Mixed-species scRNA-seq analysis guide: principles interpretation and common issues

Author: SeekGene
Time: 11 min
Words: 2.0k words
Updated: 2026-01-22
Reads: 0 times
FAQ

NOTE

Important Prerequisites

  • SeekSoul Tools does not have species-specific algorithms for mixed species samples. Mixed species samples should be converted to 10x whitelist format and analyzed using Cell Ranger
  • Multi-omics ATAC does not support mixed species analysis: 10x software cellranger arc and cellranger ATAC do not support mixed species. This guide applies only to standard RNA libraries
  • Barcode conversion tool: Refer to the Barcode-Converter utility in the bioinformatics external resources on DingTalk

Building Mixed Species Reference Genome

Data Preparation

NOTE

File Format Requirements

  • Recommended: Use GTF and FASTA files from the Ensembl database (includes optional tags for subsequent filtering)
  • If not available in Ensembl, GTF and FASTA files from other sources can be used
  • GTF format is required; GFF format is not supported
  • For GTF/GFF format specifications, refer to: Ensembl GFF/GTF Format Documentation

GTF files may contain entries related to non-polyA transcripts that overlap with protein-coding genes. Due to these overlapping annotations, reads may be marked as mapping to multiple genes (multi-mapped) and will not be used for subsequent gene quantification.

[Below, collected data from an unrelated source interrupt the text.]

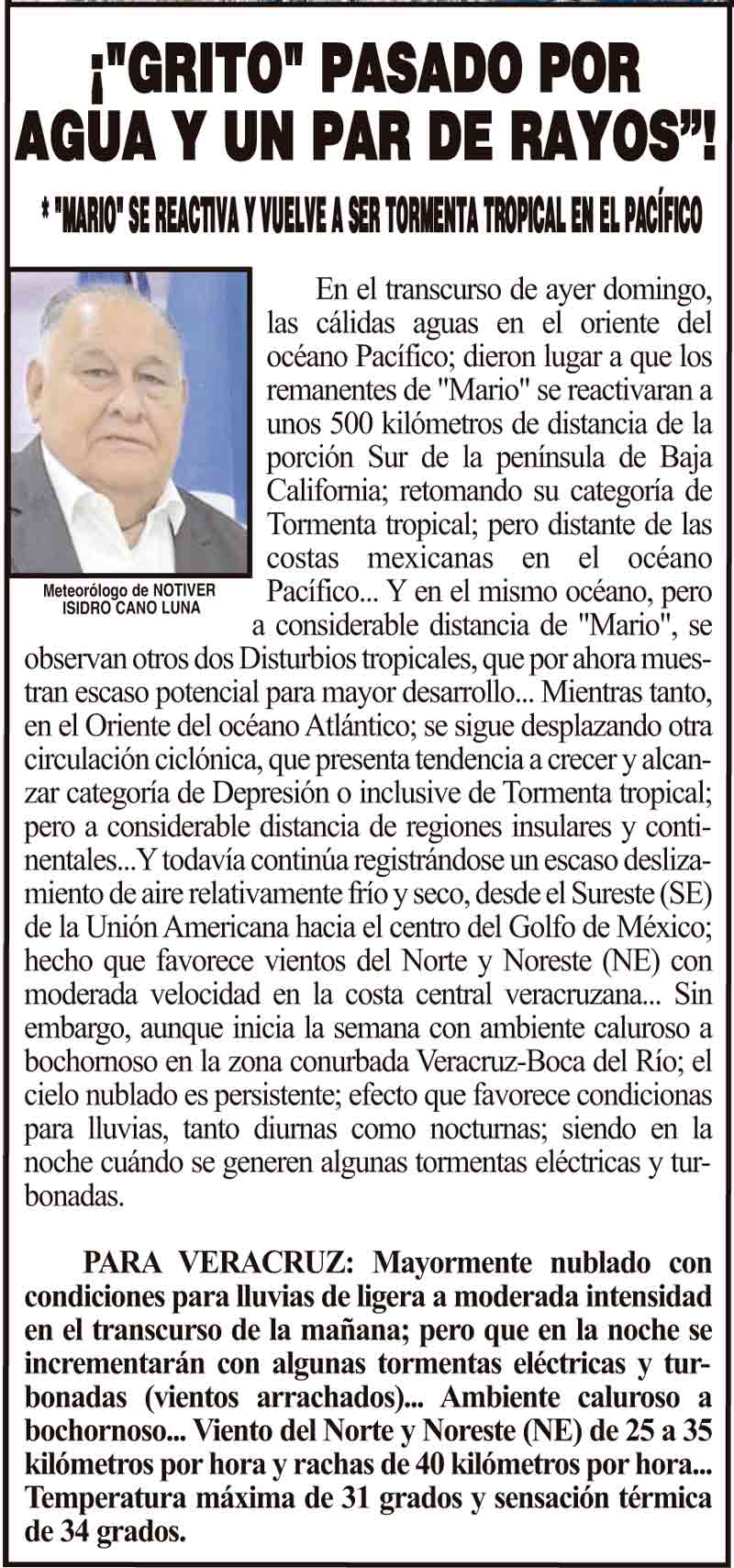 PRIMERA ¡"GRITO" PASADO POR AGUA Y UN PAR DE RAYOS”! - *"MARIO" SE REACTIVA Y VUELVE A SER TORMENTA TROPICAL EN EL PACÍFICO 15 septiembre 2025 Más Noticias LA ENCUESTA | - ME ESTÁS OYENDO INÚTIL?... ¡CON BAILONGOS QUIEREN AYUDAR A LOS DAMNIFICADOS DEL NORTE! - *El mismo Alor, toca los timbales ¡YA SE LA APROBARON! - REFORMA PARA LA FISCALÍA ESTATAL NOTI-MEME | - ASÍ ESTUVO EL INFORME... ¡MÁS DE 9 MIL MILLONES! - *Eso costaría cancelar en Veracruz al Grupo MAS ¡LE DAN LUZ VERDE! - DESDE GUATEMALA ¡EL CUARTO! ¡Y COM-PA-RE-CIÓ! - ÁNDALE... ¡NO SE VA LISBETH AURELIA! - *Descarta ir a la Fiscalía y que seguirá como magistrada ¡CREAN EL SÚPER MAÍZ!
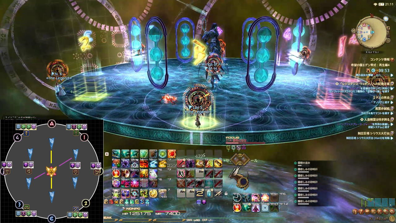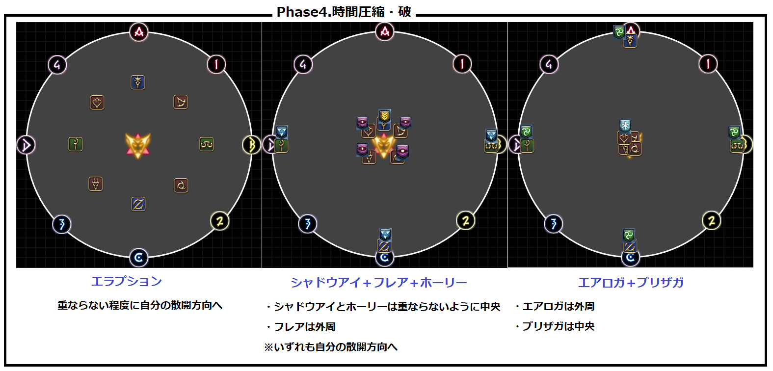 DPSのデバフは、ファイガなら6時付近に重ならないようにしてブリザガなら中央で全員固まっておく
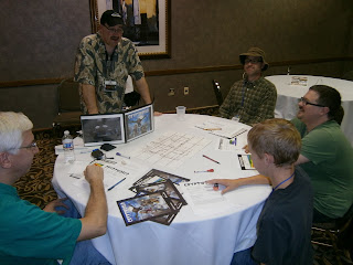 After the Pumpkin Men are driven off, the villagers gather in the communal central area to both thank the PCs for saving them from the evil marauders, as well as to determine their next course of action. According to the villagers, the Pumpkin Men have been attacking and raiding the town around Harvest Time every year. Each year, the village is able to drive them off. A group of villagers is then selected to go over the hills and into the neighboring "Valley of the Gourds" where a huge pumpkin patch grows wild, filling the valley floor. It is from this patch that the Pumpkin Men are spawned. They have tried destroying all gourds they encounter; tearing up the soil and salting the earth; drenching the soil with poisons -- nothing seems to put a permanent end to the recurring terror.
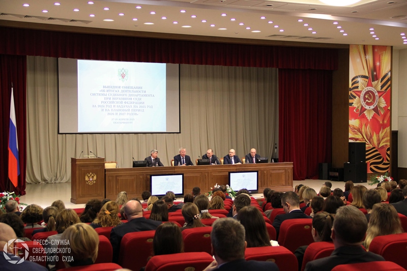 | В Свердловском областном суде проходит совещание руководящего состава Судебного департамента при Верховном Суде Российской Федерации с начальниками региональных управлений, посвященное итогам работы ведомства за 2024 год и задачам на предстоящий двухлетний период. Накануне руководство Судебного департамента при Верховном Суде России посетило 17 судов Свердловской области, в том числе Арбитражный суд Свердловской области и Арбитражный суд Уральского округа, Свердловский областной суд. В ходе встречи состоялся разговор с коллективами об организации работы судов, об основных проблемах, с которыми сталкиваются судьи и работники аппаратов, а также о возможных путях их решений. Коллектив Свердловского областного суда волновали вопросы нормирования судебной нагрузки, финансирования судов, повышения заработной платы судьям и работникам аппаратов судов. Как отметил генеральный директор Судебного департамента при Верховном Суде России Вячеслав Анатольевич Иванов, все эти моменты находятся на постоянном контроле и Судебного департамента и председателя Верховного суда Российской Федерации Ирины Леонидовны Подносовой и со временем они будут решаться.
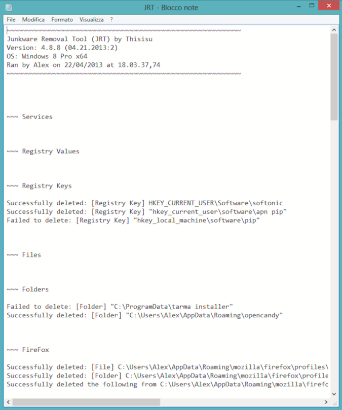 Al termine della procedura automatica, comparirà un messaggio che vi avvertirà che la scansione è conclusa e vi segnalerà un resoconto dei log con tutte le rimozioni avvenute con successo.

It is recommended to use the cellranger mkgtf command to filter non-coding genes:

shell
cellranger mkgtf input.gtf output.gtf --attribute=gene_biotype:protein_coding

Building Mixed Species Index

Use the cellranger mkref command to build a mixed species reference genome. You need to specify --genome, --fasta, and --genes parameters for each species:

shell
cellranger mkref \
  --genome=GRCh38 \
  --fasta=/human/refdata-gex-GRCh38-2020-A/fasta/genome.fa \
  --genes=/human/refdata-gex-GRCh38-2020-A/genes/genes.gtf \
  --genome=Macaca_fascicularis \
  --fasta=/Macaca_fascicularis_GCF_037993035.1/fasta/genome.fa \
  --genes=/Macaca_fascicularis_GCF_037993035.1/genes/genes.gtf \
  --maxjobs 50 \
  --localmem 60 \
  --localcores 12

Verifying Index Construction

After construction, check the reference.json file to ensure it contains 2 genome entries. Cell Ranger will only recognize it as a mixed species reference if this condition is met:

json
{
    "fasta_hash": "6a2ba19a695f279ec863f521fb1d834d01905c19",
    "genomes": [
        "GRCh38",
        "Macaca_fascicularis"
    ],
    "gtf_hash.gz": "24cb2b8556e5c3740b0816f965c7912f679b17f5",
    "input_fasta_files": [
        "genome.fa",
        "genome.fa"
    ],
    "input_gtf_files": [
        "genes.gtf",
        "genes.gtf"
    ],
    "mem_gb": 16,
    "mkref_version": "8.0.0",
    "threads": 2,
    "version": null
}

NOTE

Handling Exogenous Inserted Genes

If you have exogenous inserted genes, you can first add these genes to the genome and annotation files of any species, then build the mixed species index.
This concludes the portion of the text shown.